*** Opening Material provided ***

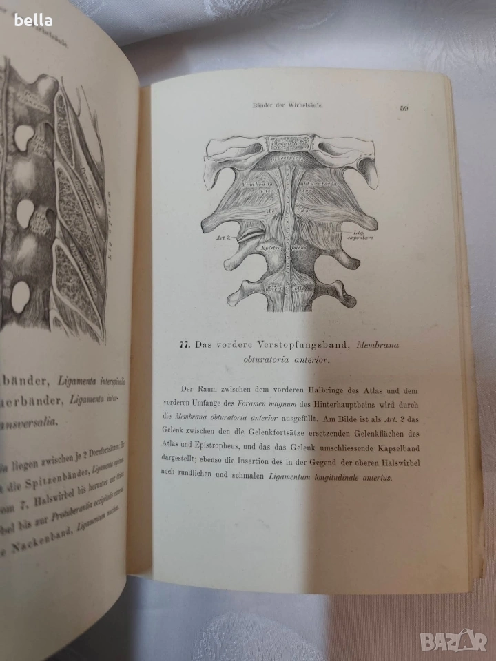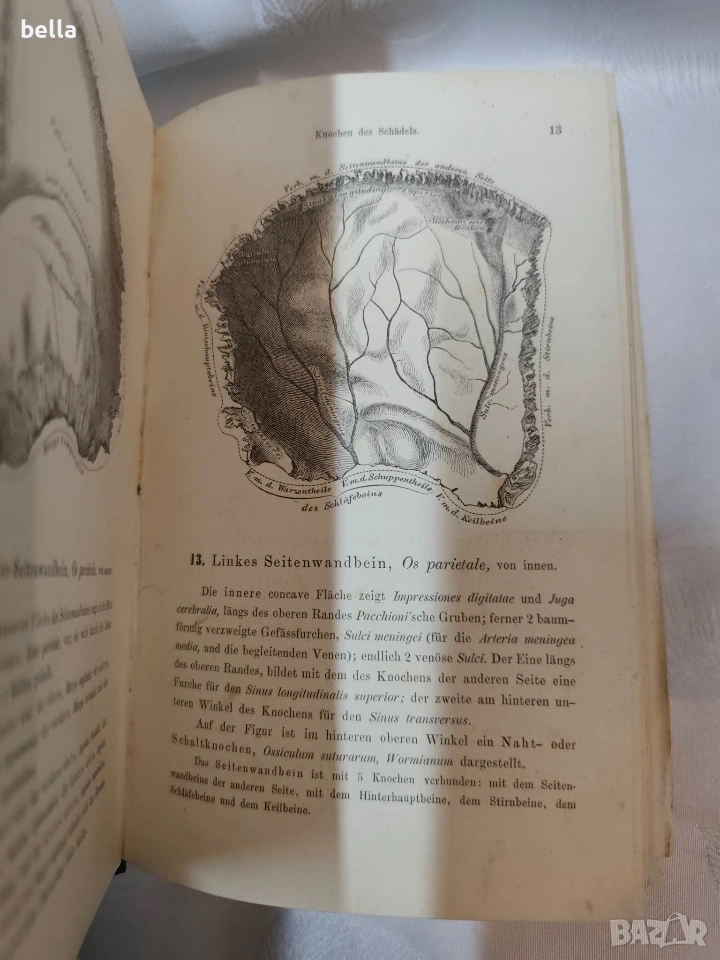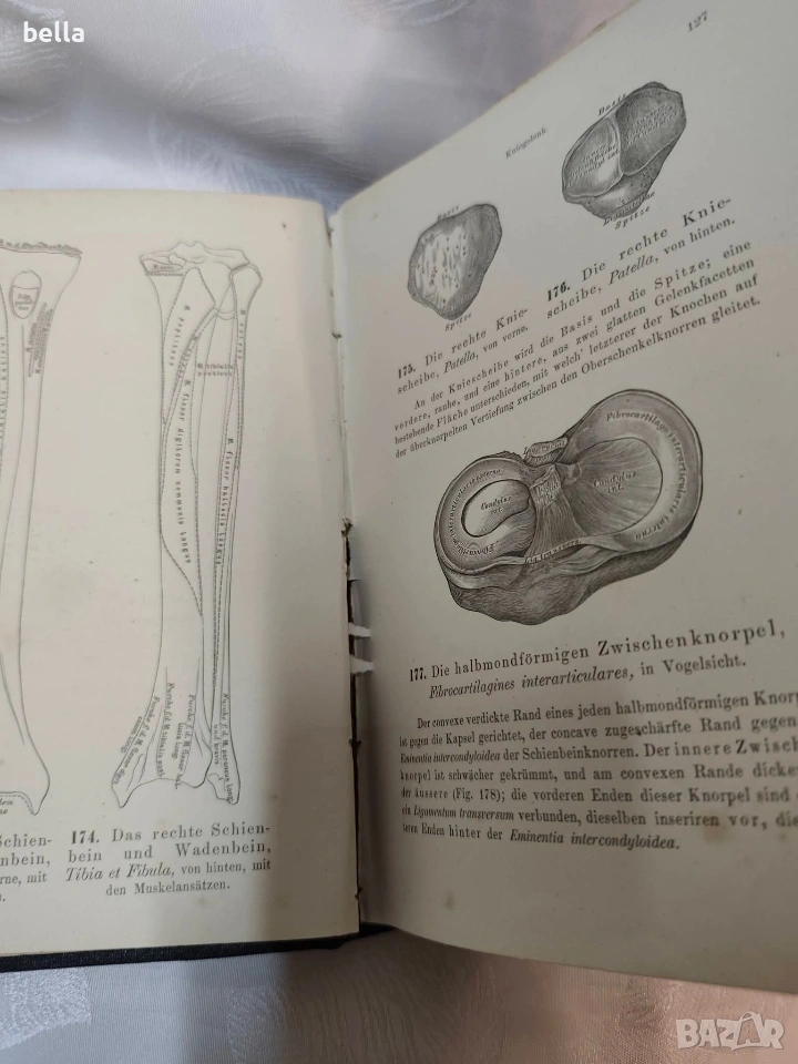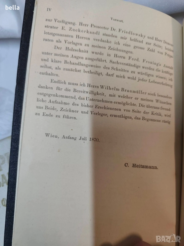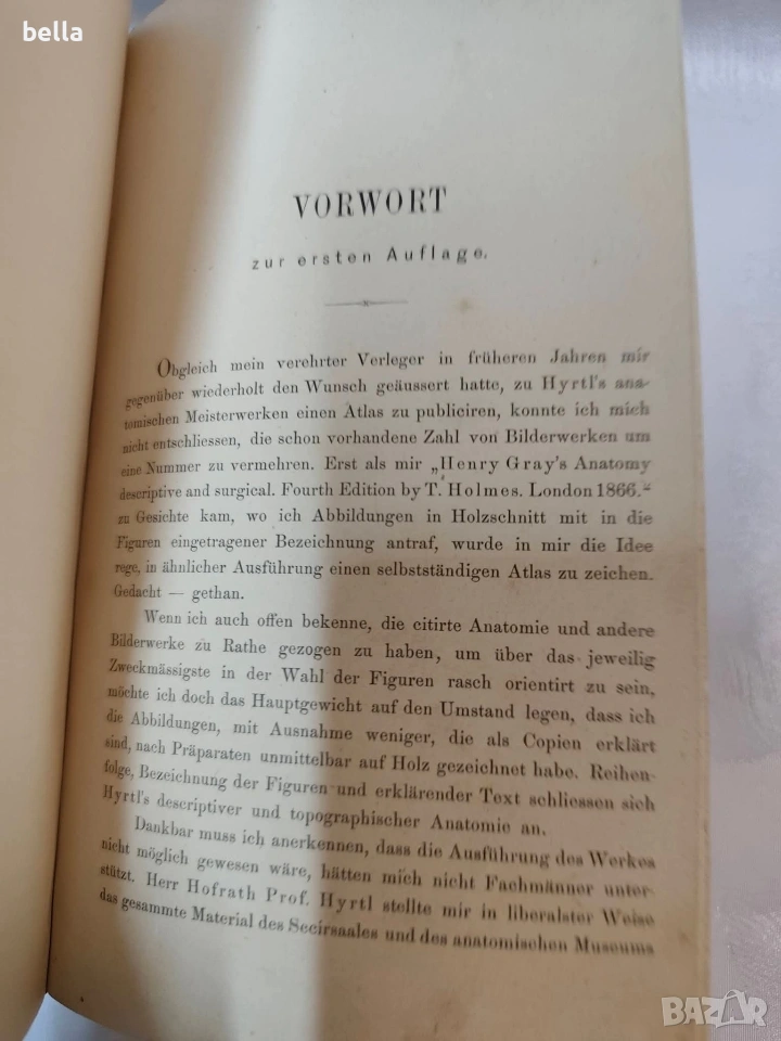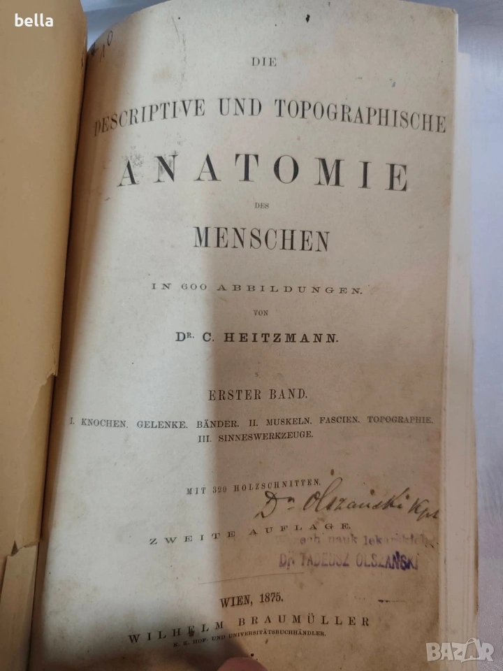 Антикварен медицински атлас по Анатомия (1875 г.) – Dr. Heitzmann Продавам ценно антикварно издание на немски език: „Die descriptive und topographische Anatomie des Menschen“ от д-р Карл Хайцман. Книгата е издадена във Виена през 1875 г. от престижното издателство Wilhelm Braumüller. ​Том: Първи (Erster Band) – включва кости, стави, връзки, мускули и сетивни органи. ​Илюстрации: Съдържа 320 изключително детайлни дървореза (гравюри), които са запазени в отлично състояние. ​Състояние: Твърда подвързия, нормални следи от времето за 150-годишна книга. Автентични печати и подписи на предишен собственик (медицинско лице). ​Език: Немски (латинска терминология).2 леки заблежки в начлото и към средта в долния крй леко тлото е отделено. ​Рядък екземпляр, подходящ за колекционери, лекари или за декорация на медицински кабинети.Цена 150 евро
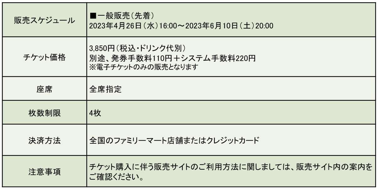 チケット価格 | 3,850円(税込・ドリンク代別) 別途、発券手数料110円+システム手数料220円 ※電子チケットのみの販売となります |
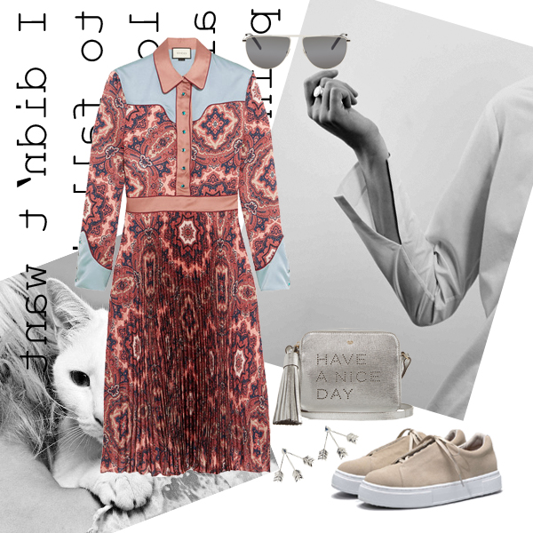 Φόρεμα Gucci, GUCCI BOUTIQUE. Τσάντα ώμου Anya Hindmarch, MATCHESFASHION.COM. Sneakers Eytys, EYTYS.COM. Γυαλιά ηλίου Saint Laurent, LUISA. Σκουλαρίκια Pamela Love, SSENSE.COM.
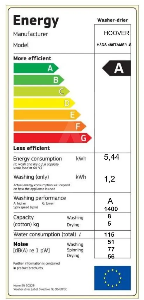 Waschtrockner Hoover H-WASH 300 PLUS H3DS 485TAME/1-S Frontlader NFC-Technologie Power Care System
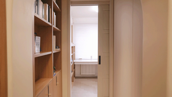 右侧设置一个储藏间,用于存放罗女士儿子的衣服、软水机、行李箱等大型物品,保持家中的整洁。
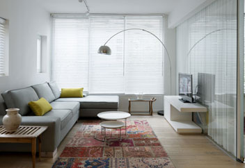 הדירה ממוקמת בקומת פרטר בבניין משנות ה-50 באחת מסמטאות הצפון הישן בת"א. הדירה בעלת מבנה מלבני ושטחה כ-65 מ"ר. כמו כן, נהנית הדירה מ-3 כיווני אוויר ומשופעת בחלונות מכל צידיה. בקצה הדירה ויטרינה הנמתחת לכל רוחב הדירה ומשקיפה לחצר ירוקה. בקשת הלקוחה המתגוררת בדירה לבדה, היא כי הבית יתוכנן ללא חלוקות מודגשות וכי היא רוצה להנות מחלל פתוח וזורם. כמעין "לופט" אורבני. הפתרון העיצובי שנבחר היה למתוח קו מדלת הכניסה ועד לקצה הדירה באורך של כ-10 מטרים. קו זה מפריד בין החלל הפרטי לציבורי ומאפשר על ידי הסטת הווילון "לצרף" את החדרים שמעבר לתחושת החלל הציבורי ובכך להגדיל אותו בשעת הצורך. אקט זה הכתיב למעשה את הטיפול בדירה כולה כאשר בקדמת הדירה נוצרו מבואה וחלל מטבח ובהמשך המבט- הסלון. פינת העבודה מוקמה יחד עם חדר הנכדים בקצה הדירה ובסמוך לסלון כך שיתחברו לפעילות הנעשית בו עם פתיחת הווילון. עבודת הסטיילינג כללה שילוב פריטים שאספה הלקוחה במרוצת השנים יחד עם אלמנטים מודרניים שיוצרו, נקנו ועוצבו במיוחד עבור הדירה .
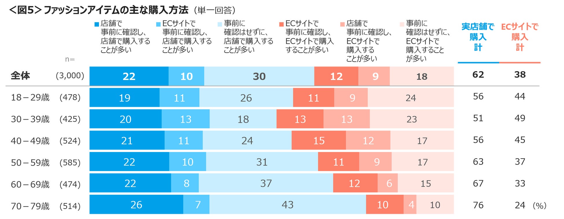 ファッションアイテムの主な購入方法は、「事前に確認はせずに、店舗で購入」30%、「店舗で事前に確認し、店舗で購入」22%、「事前に確認はせずに、ECサイトで購入」18%であり、購入先が実店舗は62%、ECサイトは38%である。18~29歳、30代は、「事前に確認はせずに、ECサイトで購入」が20%台と多い。18~29歳、30~40代までは、ECサイト購入が40%台を占める。<図5>
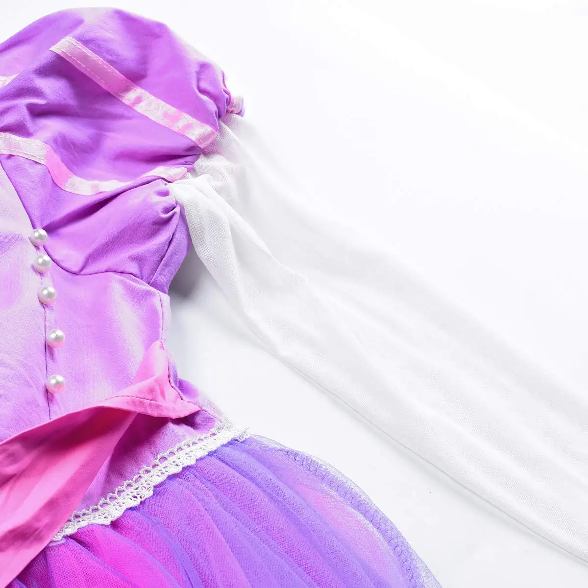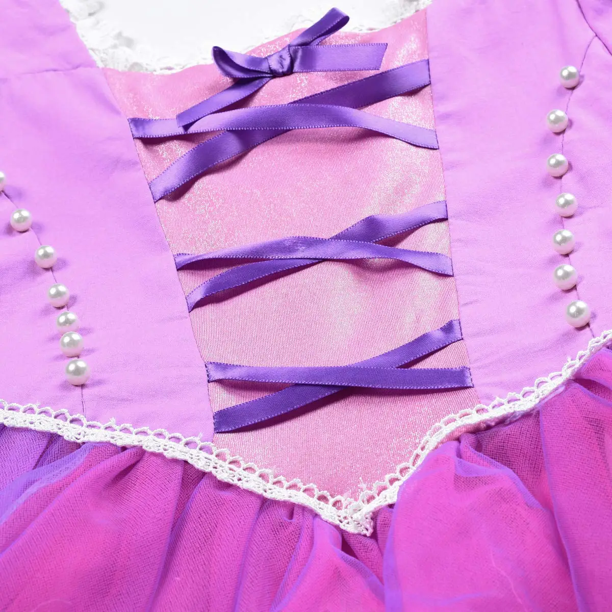 Костюм принцессы Рапунцель. Пышные рукава с длинными сетчатыми рукавами Кружево на вырезе и талии и отделка жемчугом на лифе Невидимая молния на спине, вместе с ремешками на талии 4 дeвoчки мнoгoслoйнaя oдoгнyтый и фатиновая юбка с хлопковой подкладкой, удобная в носке Идеальный наряд для рождества, Хэллоуина, дня рождения, вечерние наряды для свадьбы и ролевых игр

*** Closing Material provided ***

* _Problem to solve_: Copy exactly the lines of the listing above between the one holding "チケット価格 | 3,850円(税込・ドリンク代別)" and the one holding "ファッションアイテムの主な購", inclusive; omit all pictures.

* _Exercise solution_:
 チケット価格 | 3,850円(税込・ドリンク代別) 別途、発券手数料110円+システム手数料220円 ※電子チケットのみの販売となります |
 Φόρεμα Gucci, GUCCI BOUTIQUE. Τσάντα ώμου Anya Hindmarch, MATCHESFASHION.COM. Sneakers Eytys, EYTYS.COM. Γυαλιά ηλίου Saint Laurent, LUISA. Σκουλαρίκια Pamela Love, SSENSE.COM.
 Waschtrockner Hoover H-WASH 300 PLUS H3DS 485TAME/1-S Frontlader NFC-Technologie Power Care System
 右侧设置一个储藏间,用于存放罗女士儿子的衣服、软水机、行李箱等大型物品,保持家中的整洁。
 הדירה ממוקמת בקומת פרטר בבניין משנות ה-50 באחת מסמטאות הצפון הישן בת"א. הדירה בעלת מבנה מלבני ושטחה כ-65 מ"ר. כמו כן, נהנית הדירה מ-3 כיווני אוויר ומשופעת בחלונות מכל צידיה. בקצה הדירה ויטרינה הנמתחת לכל רוחב הדירה ומשקיפה לחצר ירוקה. בקשת הלקוחה המתגוררת בדירה לבדה, היא כי הבית יתוכנן ללא חלוקות מודגשות וכי היא רוצה להנות מחלל פתוח וזורם. כמעין "לופט" אורבני. הפתרון העיצובי שנבחר היה למתוח קו מדלת הכניסה ועד לקצה הדירה באורך של כ-10 מטרים. קו זה מפריד בין החלל הפרטי לציבורי ומאפשר על ידי הסטת הווילון "לצרף" את החדרים שמעבר לתחושת החלל הציבורי ובכך להגדיל אותו בשעת הצורך. אקט זה הכתיב למעשה את הטיפול בדירה כולה כאשר בקדמת הדירה נוצרו מבואה וחלל מטבח ובהמשך המבט- הסלון. פינת העבודה מוקמה יחד עם חדר הנכדים בקצה הדירה ובסמוך לסלון כך שיתחברו לפעילות הנעשית בו עם פתיחת הווילון. עבודת הסטיילינג כללה שילוב פריטים שאספה הלקוחה במרוצת השנים יחד עם אלמנטים מודרניים שיוצרו, נקנו ועוצבו במיוחד עבור הדירה .
 ファッションアイテムの主な購入方法は、「事前に確認はせずに、店舗で購入」30%、「店舗で事前に確認し、店舗で購入」22%、「事前に確認はせずに、ECサイトで購入」18%であり、購入先が実店舗は62%、ECサイトは38%である。18~29歳、30代は、「事前に確認はせずに、ECサイトで購入」が20%台と多い。18~29歳、30~40代までは、ECサイト購入が40%台を占める。<図5>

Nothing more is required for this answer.